Quantum properties have physical states that are only distinguished probabilistically. Those states overlap in time in unfamiliar ways, not in line with how we experience the physical world. At times, the physical properties behind the quantum states may not be observable with certainty like those that non-quantum computers rely on. Hence, in addition to the familiar binary states encoded logically as 0 or 1, they effectively introduce a third physical state that is neither 0 nor 1 with certainty. The desired computation occurs at this quantum state. Maintaining it is not easy. It is a big challenge for the quantum machine. To sum up, instead of a bit (binary digit), the new unit of information is tri-state, denoted as Qbit.

Clearly, quantum computers demand very different technology. What may be less obvious but more important is the fundamental change in the underlying switching behavior of the physical machine. Rapidly changing states that overlap in time are naturally parallel at a level lower than a computation. Switching is much faster but also, unfortunately, much more difficult to predict and control.
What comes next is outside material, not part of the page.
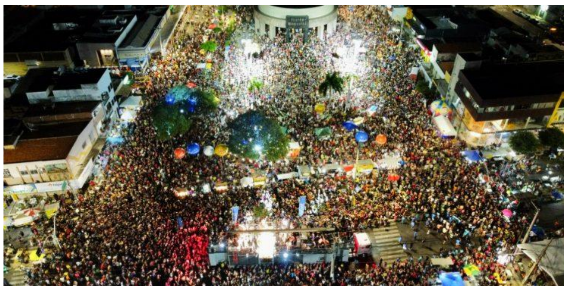
MCJ 2023.

De acordo com pesquisa da Fecomércio, a cada R$ 1 investido pela Prefeitura, R$ 24 voltaram para o município.

Quantum switching promises to overcome the polynomial efficiency limitation of conventional computers. In those machines, the solution time must grow like a polynomial function of the input size to solve arbitrary instances of problems, as large as we need, in a reasonable time. Otherwise, we are limited to tiny problem instances. For example, for some reason, we can only universally solve (like in the case of sorting) some seemingly simple problems with practical uses, such as the Knapsack problem, in times that grow like an exponential function or worse on non-quantum computers. The new machines are not subject to that limitation on run time growth. However, they will need new algorithms to exploit different physics. Applications that suffer from the growth limitation should see fundamental advantages. Those who rely on it, most notably secure computing, will face a huge problem.

Some experts thought at times that quantum computers would be the next big thing, eventually replacing conventional computers, at least in main impact areas, and thus radically changing our computing experience. Some remain skeptical and, at best, think quantum computers may serve a specialized role, that is, if we can overcome significant technical software and hardware issues. Time will tell. As of this writing, quantum computing is no longer a futuristic thing. Major technology players are shipping production real-world machines. They continue to pour enormous resources into the field, with substantial, steady progress reported.